I recently had to produce reports on a table containing events of a user's account balance. The user can deposit and withdraw from their account, and support personnel can set the account's credit, which is the maximum amount the user can overdraw.
The table looked roughly like this:
db=# SELECT * FROM event;
id | account | type | happened_at | data
----+---------+------------+------------------------+-----------------------------------
1 | 1 | created | 2019-08-01 15:14:13+03 | {"credit": 0, "delta_balance": 0}
2 | 1 | deposited | 2019-08-01 15:15:15+03 | {"delta_balance": 100}
3 | 1 | withdraw | 2019-08-02 09:35:33+03 | {"delta_balance": -50}
4 | 1 | credit_set | 2019-08-03 16:14:12+03 | {"credit": 50}
5 | 1 | withdraw | 2019-08-03 14:45:44+03 | {"delta_balance": -30}
6 | 1 | credit_set | 2019-08-03 16:14:12+03 | {"credit": 100}
7 | 1 | withdraw | 2019-08-03 16:15:09+03 | {"delta_balance": -50}
(7 rows)
Expand for table and data setup
CREATE TABLE event (
id serial primary key,
account int,
type text,
happened_at timestamp with time zone,
data jsonb
);
SET dateformat YMD;
INSERT INTO event (
id, account, type, happened_at, data
)
VALUES
(1, 1, 'created', '2019-08-01 15:14:13', '{"delta_balance": 0, "credit": 0}'),
(2, 1, 'deposited', '2019-08-01 15:15:15', '{"delta_balance": 100}'),
(3, 1, 'withdraw', '2019-08-02 09:35:33', '{"delta_balance": -50}'),
(4, 1, 'credit_set', '2019-08-03 16:14:12', '{"credit": 50}'),
(5, 1, 'withdraw', '2019-08-03 14:45:44', '{"delta_balance": -30}'),
(6, 1, 'credit_set', '2019-08-03 16:14:12', '{"credit": 100}'),
(7, 1, 'withdraw', '2019-08-03 16:15:09', '{"delta_balance": -50}')
;
To get the current balance of an account, we sum the changes in delta_balance
:
db=# SELECT
account,
SUM((data->'delta_balance')::int) AS balance
FROM
event
GROUP BY
account;
account | balance
---------+---------
1 | -30
The data
field contains information specific to each type of event. To extract the value of delta_balance
from the data
column we use the arrow operator provided by PostgreSQL.

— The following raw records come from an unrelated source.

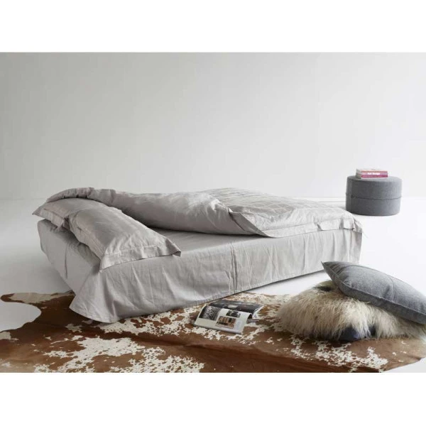 De Innovation Living Long Horn slaapbank heeft een modern, Scandinavisch design met een standaard stoffering in grijs; een stijlvolle tint die goed samen gaat met houten vloeren en diverse kleurtonen. Op verzoek zijn echter nog veel meer stoffen mogelijk! Kom gerust langs in de winkel om kleurstalen in het echt te ervaren óf bestel voor thuis. Voor niet-standaard stoffen geldt een meerprijs en een langere levertijd. De luxe slaapbank is uit te klappen tot een luxe tweepersoons bed van 140 bij 210 centimeter en wordt geleverd met twee bijpassende kussens.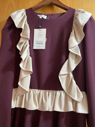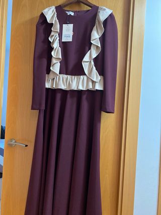 Vestido de la marca Coosy con un diseño elegante y detalles de volantes. - Color principal morado con detalles en beige. - Volantes decorativos en los hombros y en la parte inferior. - Manga larga.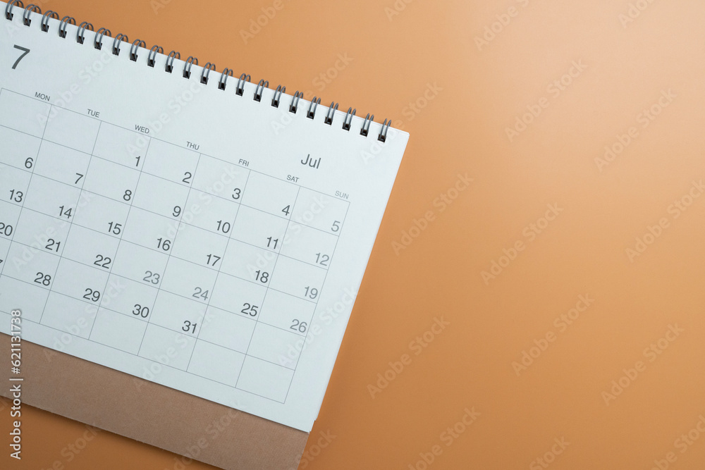 close up of calendar on the brown table background, planning for business meeting or travel planning concept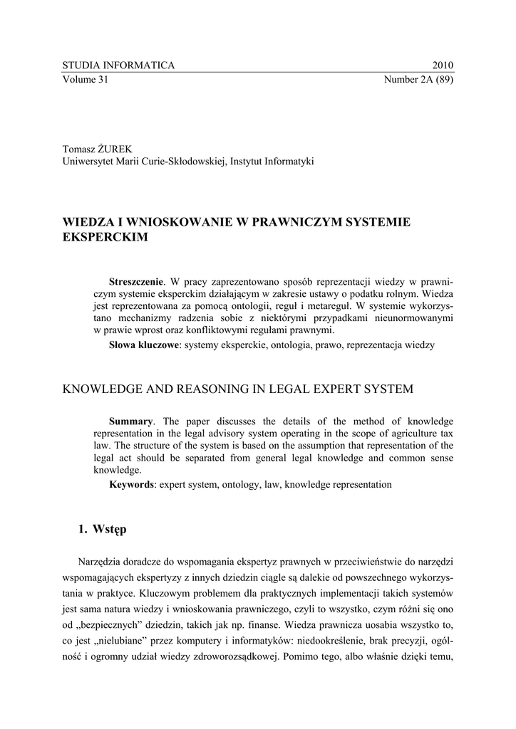 Słowa kluczowe: systemy eksperckie, ontologia, prawo, reprezentacja wiedzy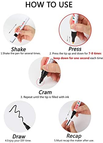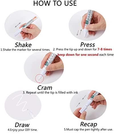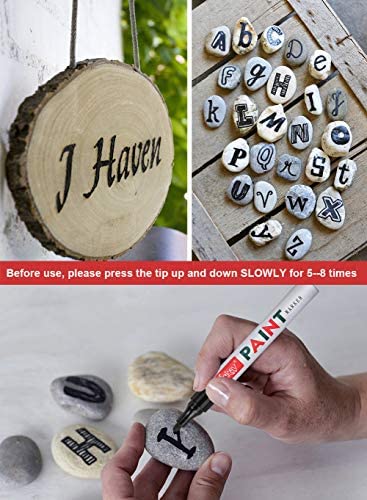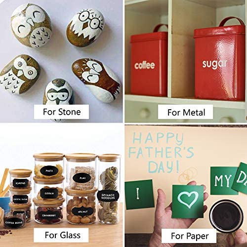 Funciona en casi todas las superficies: utiliza estos bolígrafos de pintura en casi cualquier superficie sólida con tu imaginación y creación, incluyendo roca, lienzo, madera, papel, metal, vidrio, cerámica, plástico e incluso neumáticos. Perfecto para bricolaje, crear un montón de proyectos de manualidades, desde pintura de roca hasta arte de tazas y adornos.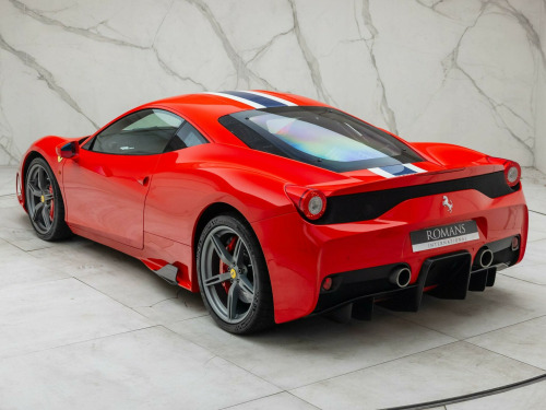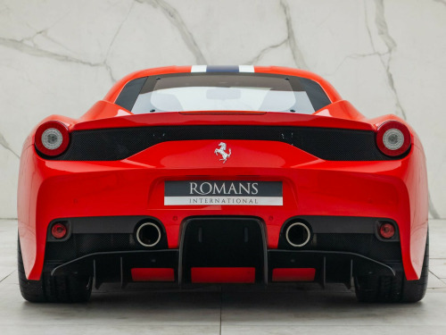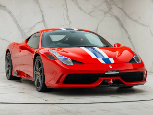 This 2014 Ferrari 458 4.5 Speciale F1 DCT Euro 5 2dr Coupe is currently available for £369,950 in Surrey with Petrol engine and Automatic gearbox. For more information or to arrange a viewing, click here to send us an email using form below.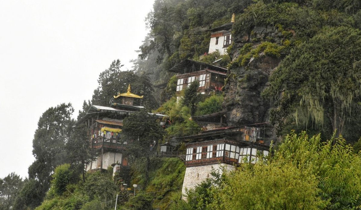 Kunzang Drak Temple is an architectural marvel, clinging to the face of a rocky cliff with panoramic views of the surrounding valley. Its design reflects traditional Bhutanese construction, featuring whitewashed walls, prayer wheels, and intricately carved woodwork.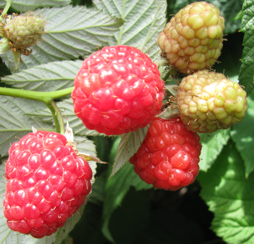 Ягоды 1. Плоды малины — мелкие костянки. Несколько их десятков срастается в единую ягоду.

The result of the query shows that the current balance of account 1 is -30. This means the account is in overdraft. To check if this is within the allowed range, we need to compare it to the credit set for this account. The credit for account 1 was initially set to 0 when the account was created. The credit was then adjusted twice, and is currently set to 100.
To get the current state of an account, we need its aggregated balance and the latest credit that was set for it.
The Problem
In Oracle there is a function called last
we can be use to get the last credit_set
event. A query using last
might look like this:
-- Oracle
SELECT
account,
MAX(CASE WHEN type = 'credit_set' THEN data ELSE null END)
KEEP (DENSE_RANK LAST ORDER BY id) AS credit
FROM
event
GROUP BY
account;
PostgreSQL also has a LAST_VALUE
analytic function. Analytics functions cannot be used in a group by the way aggregate functions do:
db=# SELECT
account,
LAST_VALUE(data) OVER (
PARTITION BY account ORDER BY id
RANGE BETWEEN UNBOUNDED PRECEDING AND UNBOUNDED FOLLOWING
) AS credit
FROM
event
WHERE
type = 'credit_set'
GROUP BY
account;
ERROR: column "event.data" must appear in the GROUP BY clause or be used in an aggregate function
LINE 3: LAST_VALUE(data) OVER (
The error tells us that the data
field used in the analytic function must be used in the group by. This is not really what we want. To use PostgreSQL's LAST_VALUE
function, we need to remove the group by:
db=# SELECT
account,
LAST_VALUE(data) OVER (
PARTITION BY account ORDER BY id
RANGE BETWEEN UNBOUNDED PRECEDING AND UNBOUNDED FOLLOWING
) AS credit
FROM
event
WHERE
type = 'credit_set';
account | credit
---------+-----------------
1 | {"credit": 100}
1 | {"credit": 100}
These are not exactly the results we need. Analytic, or window functions, operate on a set of rows, and not in a group by.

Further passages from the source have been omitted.